══ RECORDED INFORMATION
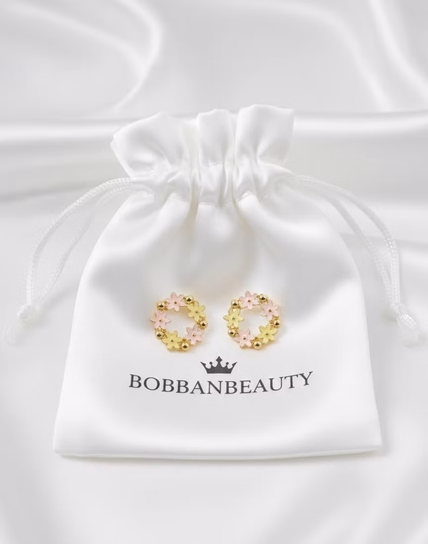 Ge din smycke samling en romantisk uppgradering med våra charmiga blomörhängen. Dessa örhängen är designade som en liten krans, prydd med detaljrika blommor i mjuka nyanser av pastellrosa och ljusgult, varvat med små guldglänsande detaljer.
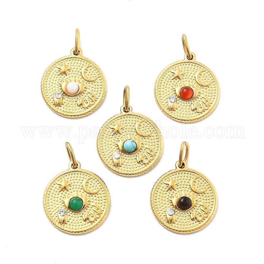304 подвески из нержавеющей стали с драгоценными камнями, с целью перехода в кольце, плоские круглые прелести, ионное покрытие (ip), реальный 14 k позолоченный
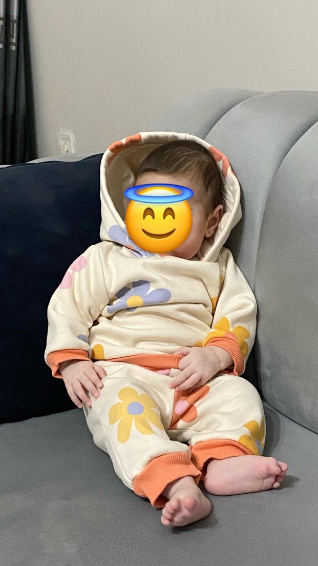 Kapüşonlu, pastel beyaz renkte, çiçek desenli ve kabarık yapıda bebek kız tulumu. Yumuşak ve sıcak tutar. Yalnızca 1 kez giyildi
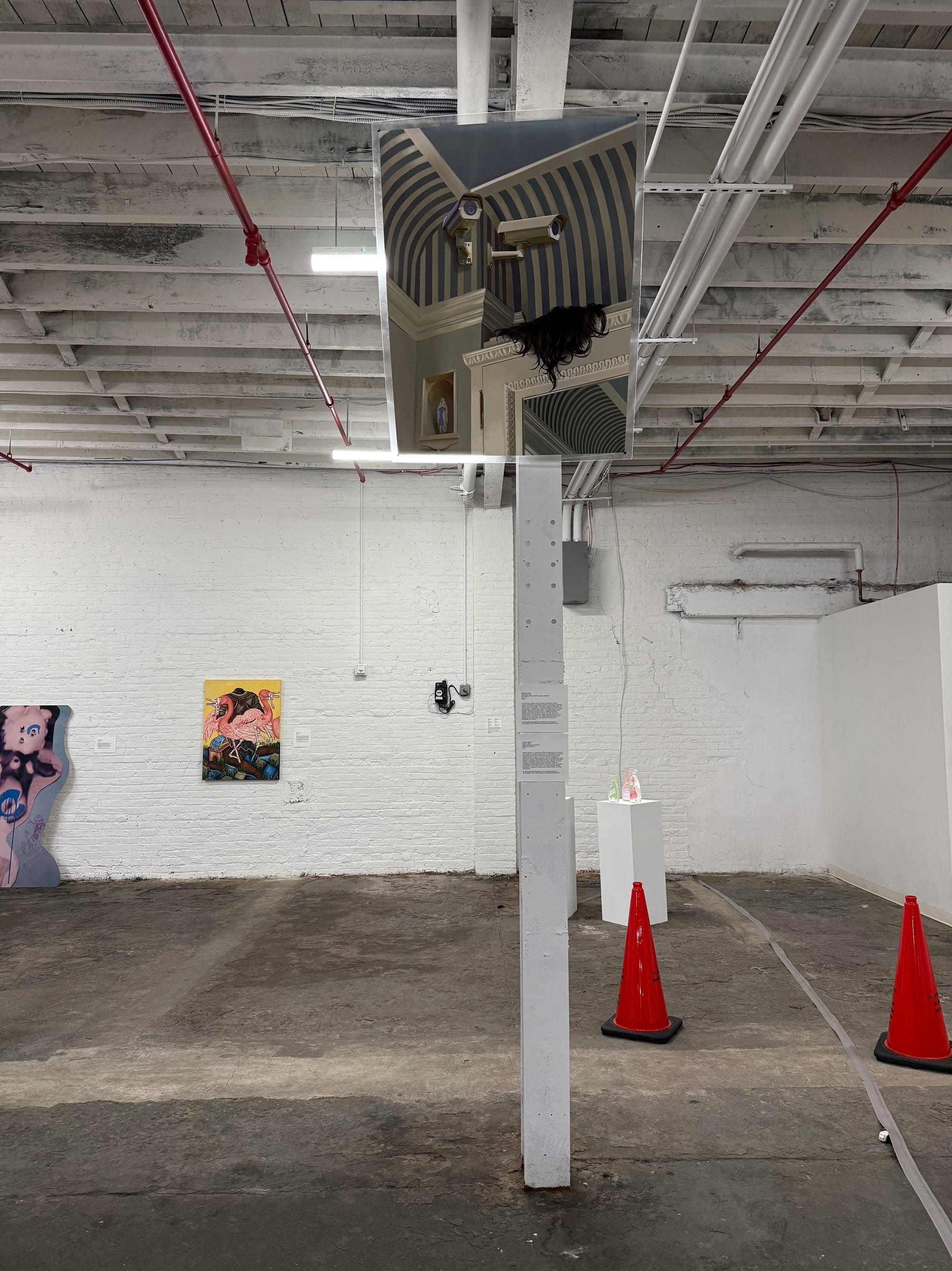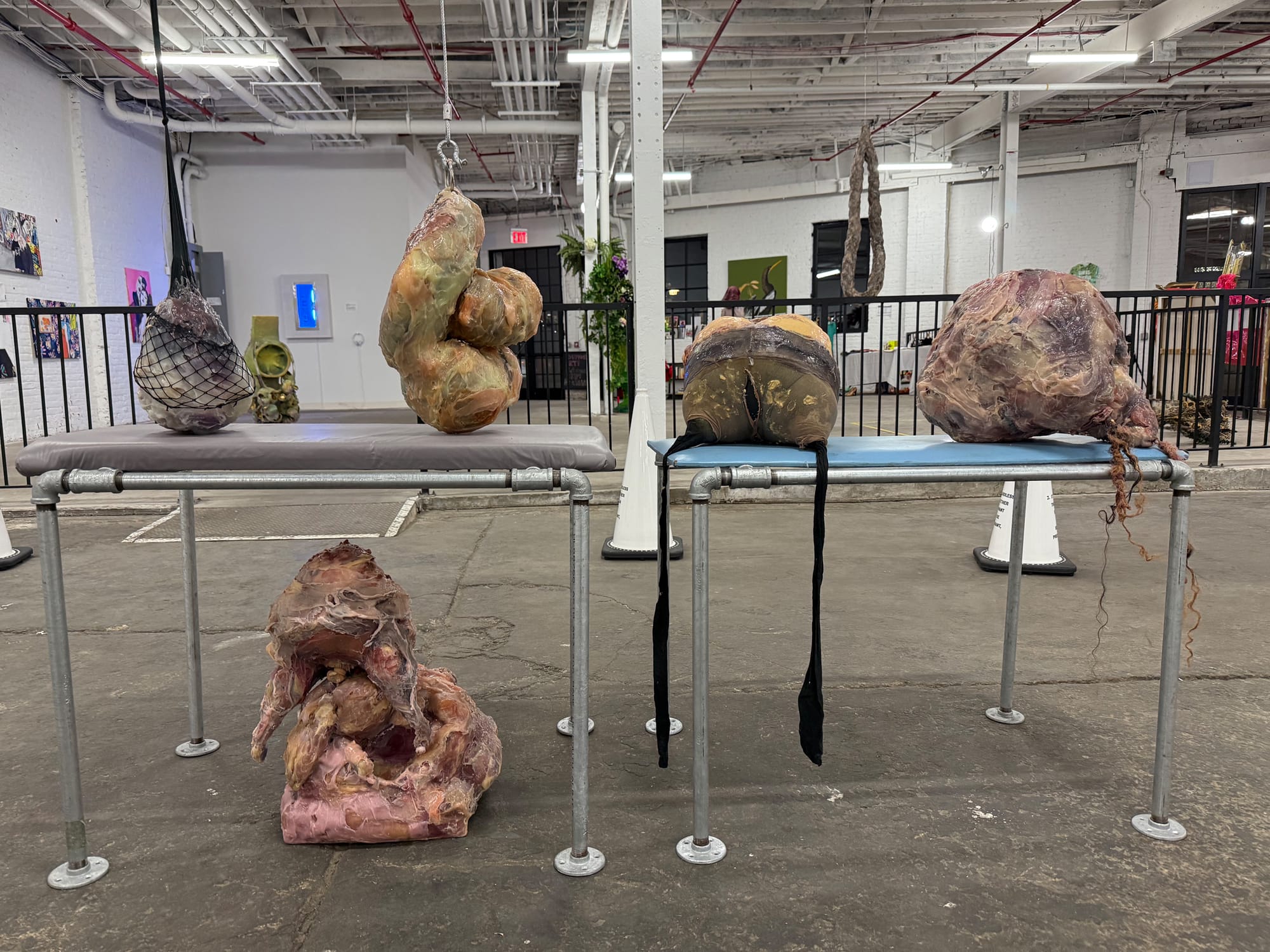 It’s fitting that this exhibition occupies an interstitial space: a room a developer friend of the curators allowed them to use before it’s inevitably rented out — this is waterfront property in New York City, after all. Like a weed sprouting between the cracks in pavement, the exhibition asserts a living, corporeal presence that refuses elimination against all odds, if only for the moment.
════
▶ _ACTIVITY_: The whole listing above must be duplicated word for word, apart from its pictures.

▶ _WRITTEN ANSWER_:
 Ge din smycke samling en romantisk uppgradering med våra charmiga blomörhängen. Dessa örhängen är designade som en liten krans, prydd med detaljrika blommor i mjuka nyanser av pastellrosa och ljusgult, varvat med små guldglänsande detaljer.
304 подвески из нержавеющей стали с драгоценными камнями, с целью перехода в кольце, плоские круглые прелести, ионное покрытие (ip), реальный 14 k позолоченный
 Kapüşonlu, pastel beyaz renkte, çiçek desenli ve kabarık yapıda bebek kız tulumu. Yumuşak ve sıcak tutar. Yalnızca 1 kez giyildi
 It’s fitting that this exhibition occupies an interstitial space: a room a developer friend of the curators allowed them to use before it’s inevitably rented out — this is waterfront property in New York City, after all. Like a weed sprouting between the cracks in pavement, the exhibition asserts a living, corporeal presence that refuses elimination against all odds, if only for the moment.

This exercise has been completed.